Solving Canonicalization with IIS with SEO friendly 301 redirects
Canonicalization Best Practices
Let me also emphasize the importance of setting up all links to directories properly. This means no matter of your platform is on .net, php, static pages, or whatever you should always link to the directory not your default or index page specifically. An example of this would be linking to www.wofford.edu/admission/ not www.wofford.edu/admission/default.aspx. Not only does this make it easier on your redirects, but it’s good practice should you ever change coding languages down the road. This is also helpful in reducing duplication of your web analytics tracking and many other other issues.
Want more on URL Canonicalization?
For additional reading on this subject check out Matt Cutts post about URL Canonicalization
I would also recommend reading SEOmoz’s post about Canonical and Duplicate Versions of Content
Thanks for this one Kyle, personally this one I’ve been slacking off on.
Especially on our numerous sub-domains and clients that demand a https://www.project.university.edu
Drives me batty.
Great post, and couldn’t have been more timely… We just fixed this on a server using IIS7. It’s not as easy as Linux mod rewrites but it definitely works. I was going to post on this one myself because of the lack of info on the Web about canonicalization of index.asp files to 301 redirect to the root folder!
~A
@Jon & Adam - glad you guys found this article timely and useful. It’s definitely one of those web standard things that needs to be thought about and just done on every site. Especially considering it takes all of 10 minutes to do properly and can save tons of headaches down the road.
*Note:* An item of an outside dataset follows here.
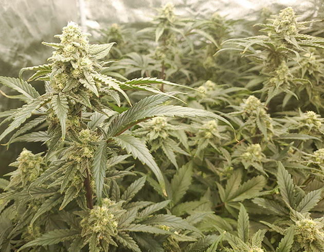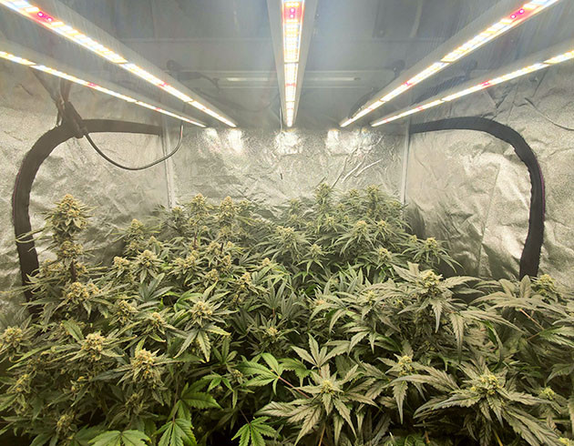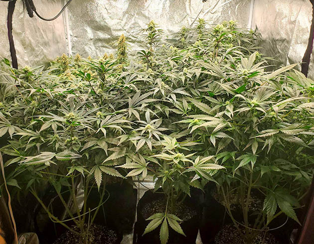 Девятую и десятую недели растения получали «компот» в прежней пропорции, ppm 900. К 9-й неделе вытягивание кустов остановилось. Их рост составлял чуть выше метра, от 100 до 105 сантиметров. Запах стал очень интенсивным, и угольный фильтр не справляется с пятью кустами. Стоит открыть палатку на несколько минут и стойкий цитрусово-конопляный запах стоит в комнате несколько часов. Поставил рядом с боксом автоматический освежитель воздуха, но он несильно изменил ситуацию.

well i am just glad to have read this information, i have heard of this before, but you have explained it more clearly, shed some light for me… thanks kyle!
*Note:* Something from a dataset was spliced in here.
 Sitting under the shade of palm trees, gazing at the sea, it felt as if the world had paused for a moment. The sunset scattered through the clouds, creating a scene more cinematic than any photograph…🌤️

Nice article. I covered the canonicalization topic when doing a writeup for webmasters at the University of South Florida on SEO. See the article for a simple way to do 301 redirects without having to use URL rewrites from IIS or Apache. It also includes a link to Matt Cutts’ website with more recent information on canonicalization.
Excellent post — this is something I believe not enough SEO’s take seriously. (Not to mention the usability issue of having two apparent URLs.) Search Engine Guide also did a nice piece on the mod_rewrite process: https://www.searchengineguide.com/stoney-degeyter/how-to-use-your-www-to-prevent-duplicate.php
I can handle Perl and PHP, but Apache Mod_Rewrite drives me batty sometimes.
He who can master it, however, shall be greatly pleased at the results. Oh yes.
Wow, thanks!
I was looking all over for this information. I was trying all kinds of permutations of the code. Yours is the one that worked! Thanks!
Wow! I didn’t know this. I guess I better start making sure all of my links point to the same place or use a 301 redirect.
I tried to do this myself and screwed it up. This article will really help me get it done right. One question…what about the link structure of the site you redirect?
This is something that I have been tempted to do, but didn’t really know how affective it would be. Do all links from both domains stick? I would hate to loose what I’ve been able to get up to this point.
You just pointed out some interesting SEO points that my partner and I were discussing, relieved I ran into it, so thank you for that.